Already Polly knew that this conversation was going down the usual blind alley.

“You’ve got an idea, haven’t you?”

“No, no. Don’t be cynical. Listen. I’m going…”

“…to write a book?”

“No, come on. Think about it. If you can apply that logic to music, why can’t you apply it to other art forms? Take a painting that everyone knows – and twist it. Take the Mona Lisa and, I don’t know, change her clothes or something. Give her a hat. Take a piece of sculpture – The Thinker, maybe – and give him a more quizzical look. Call it The Ponderer instead of The Thinker. Why not? Really why not?”

“Because” said Polly, “because it’s stupid. The point that you’re missing is that it’s stupid. What The Fugees did was stupid. Is that what you want to be known for? For doing something stupid?”

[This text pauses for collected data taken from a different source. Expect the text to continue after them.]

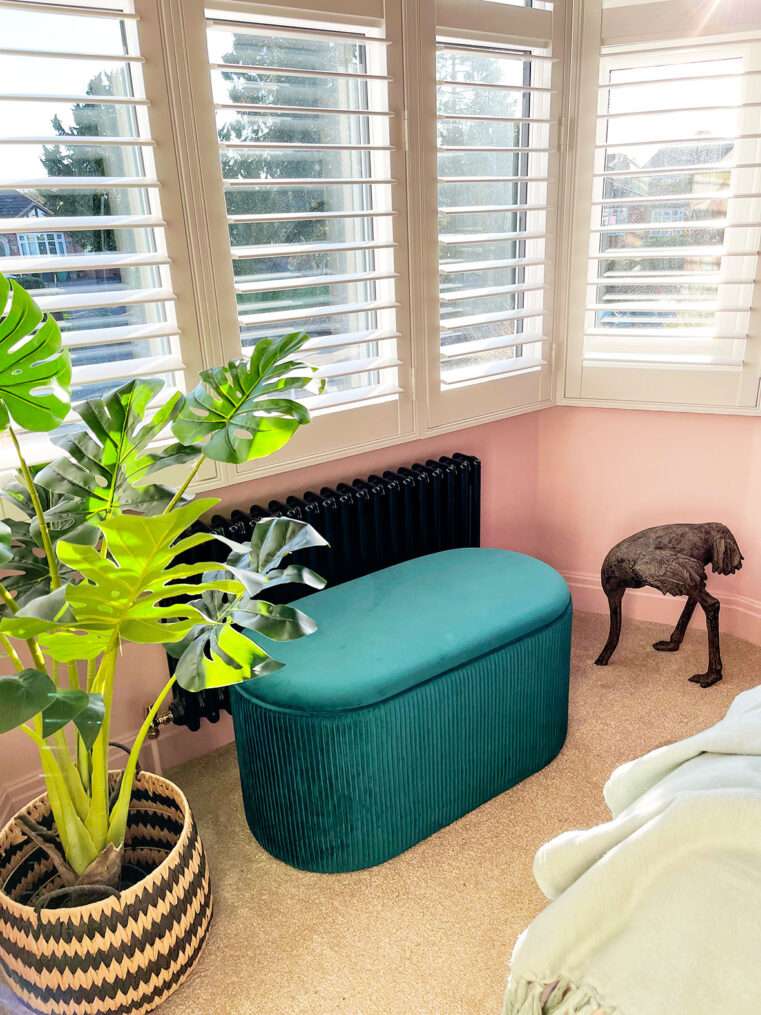 This is it now with new shutters to match the living room and yoga room ones. I’ve replaced the dressing table with a teal **pleated ottoman, artificial monstera plant in a **monochrome basket, and a quirky ostrich ornament.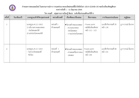 กาหนดการสอนออนไลน ในสถานการณการ การแพรระบาดรอบใหมของเชอไวรสโคโรนา 2019 (COVID-19) ของโรงเรยนพชญศกษา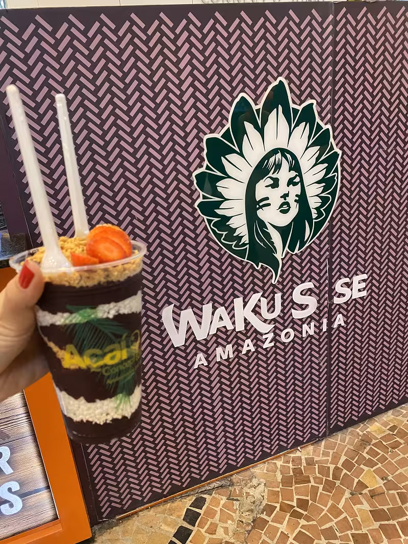 o melhor açaí da cidade. “Waku sese” significa uma saudação dos indígenas saterés-maués. O açaí estava muito gostoso, e, pela primeira vez, provei ele com farinha de tapioca. Ainda tem outras opções para acrescentar como xarope de guaraná, frutas fatiadas e granola.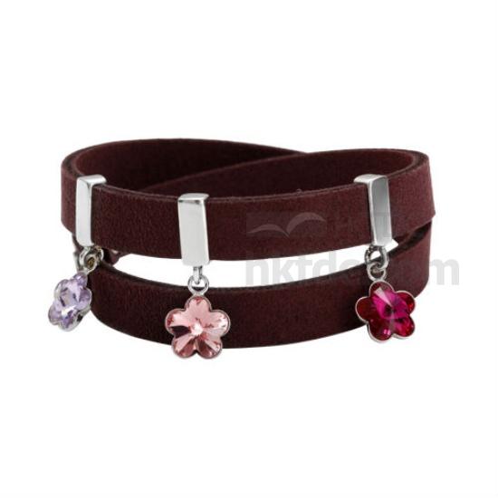 VICACCI Flower Leather Bracelet with Swarovski Crystal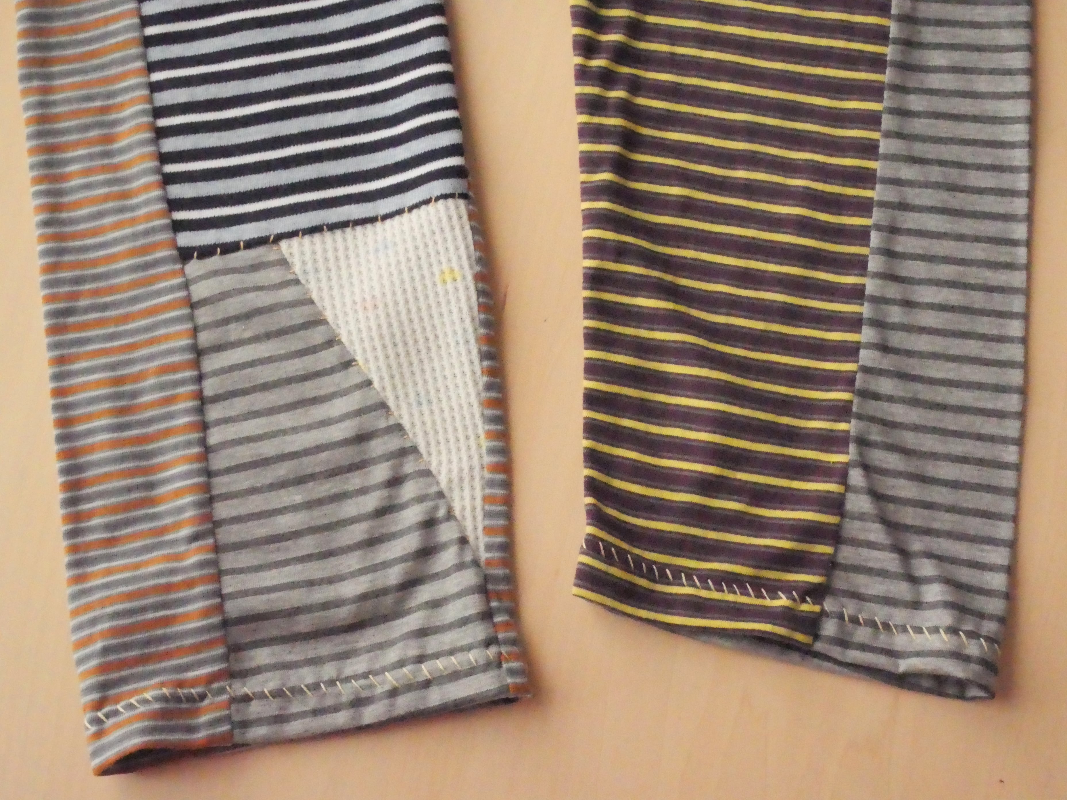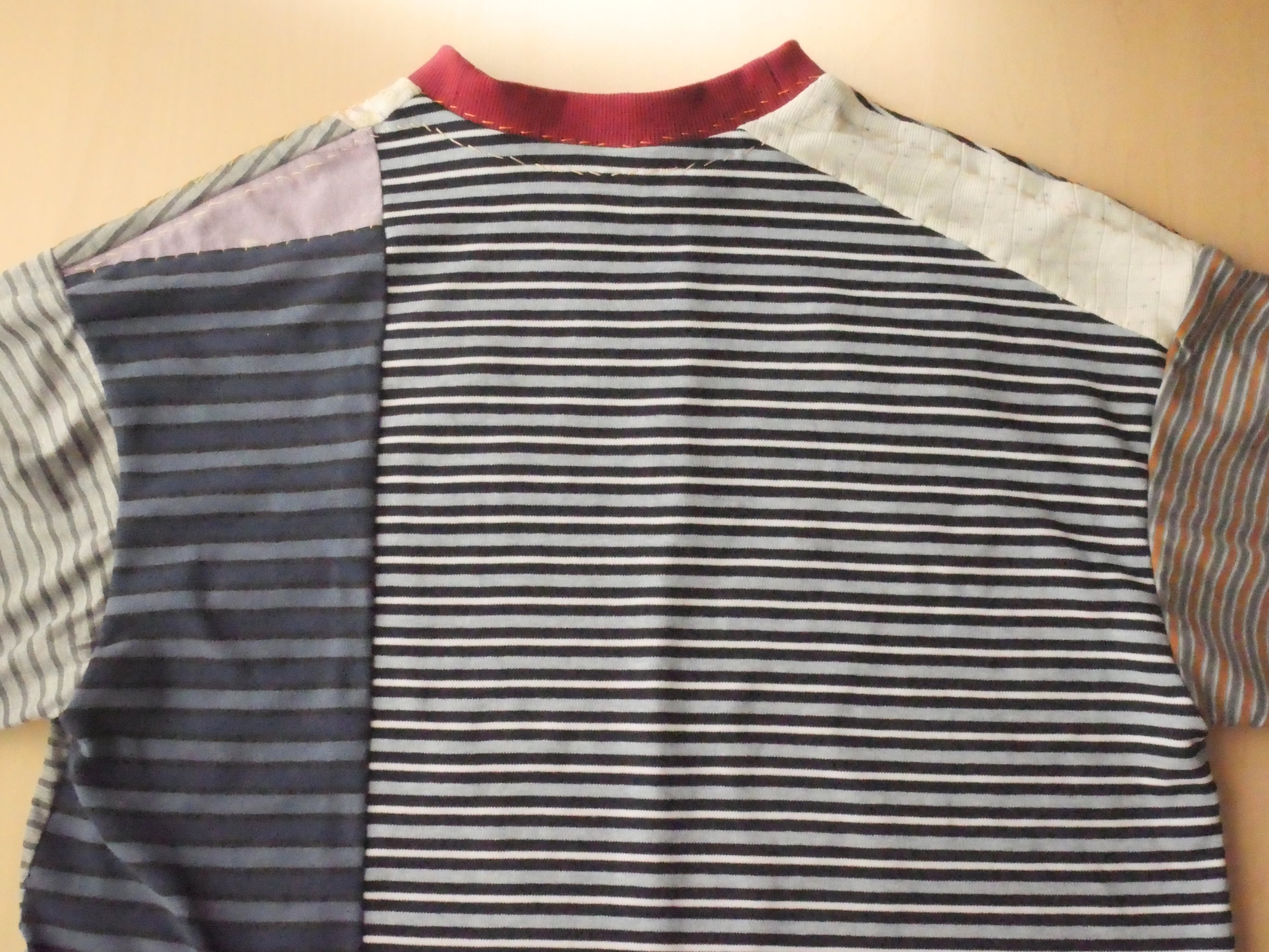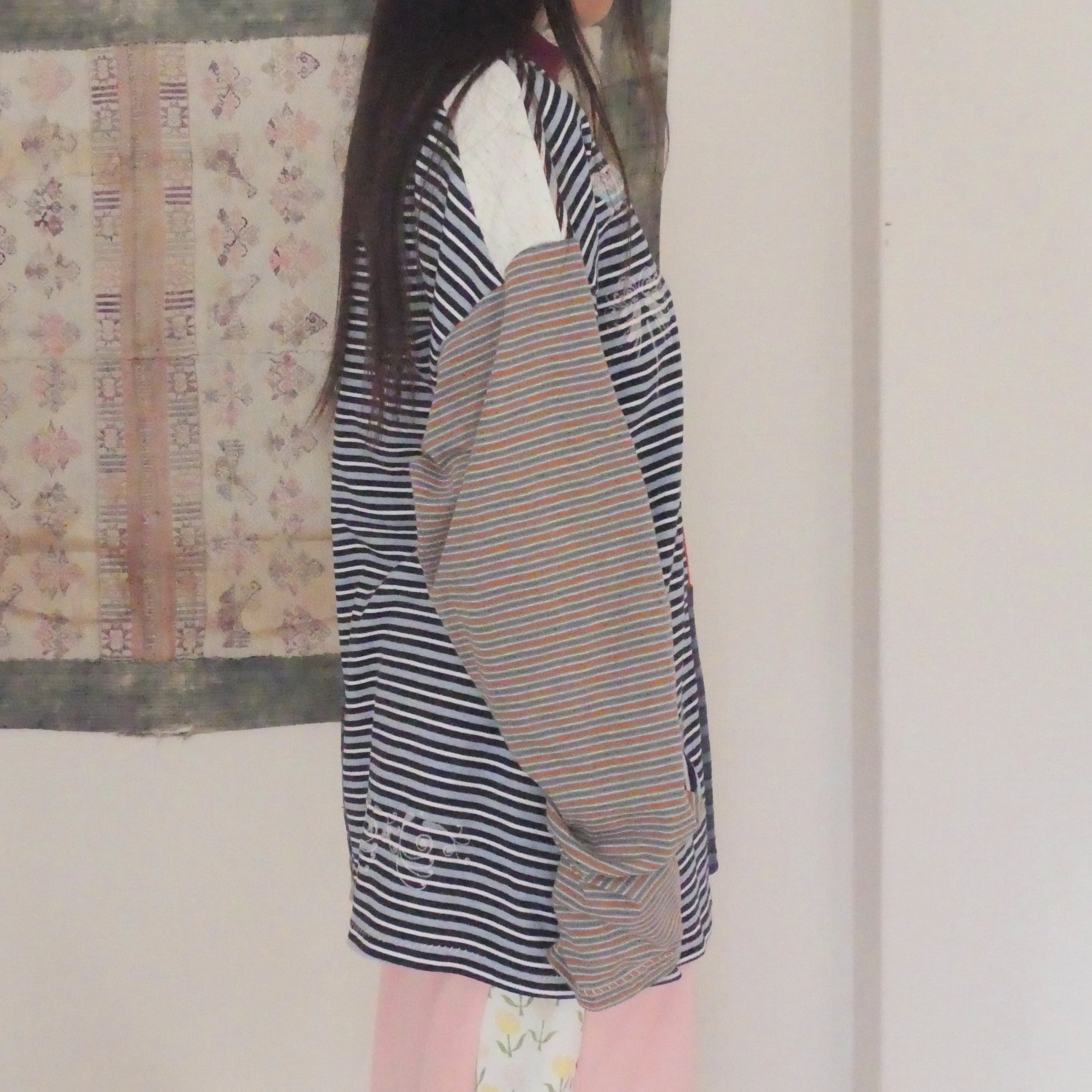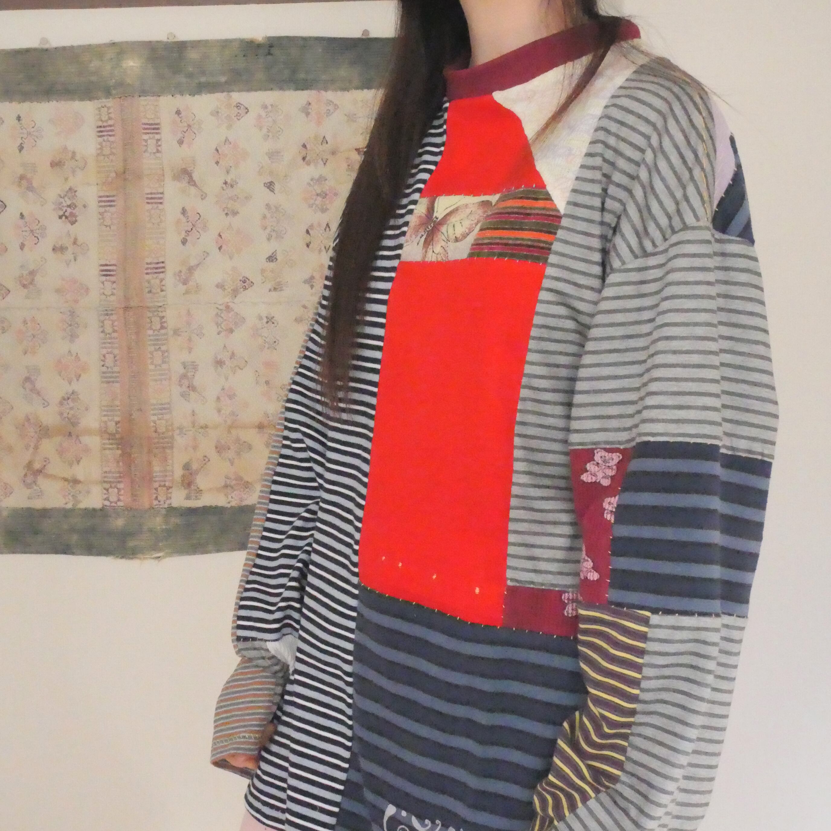 ヴィンテージのしましまシャツを使って土台を構成し、サーマル生地をパッチワークしました。

“Wrong, You’re completely wrong. It started a whole industry – take sampling out of modern music and what have you got?”

“Music?”

“Doesn’t matter. Listen,” I said, starting to believe my own nonsense. “I’m going to write a book that’s gonna be literary sampling. Take a book that I really like – maybe something that I wish I’d written – and do the sample thing.”

“You’re going to write Portnoy’s Complaint, call it Portnoy’s Grumble and throw in a few chapters that just go ‘Yeah, yeah’? Can’t wait.”

Polly looked at me. I looked at Polly. We both picked up our coffee cups.

“If there’s such a thing as reincarnation, I want to come back as a baby.” I said.

“What do you mean?” said Polly, genuinely perplexed.

“Huh?”

“What are you talking about?” Polly said.

“Nothing. It was a joke. It was nothing. You know, if you’re going to be born again, it’s better to do it as a baby rather than, I don’t know, a frog, you know.”  

“You’re bored, aren’t you” Polly said.

“Shut up and drink your coffee,” I said. “Only the boring get bored.”

No one said anything for quite a while after that.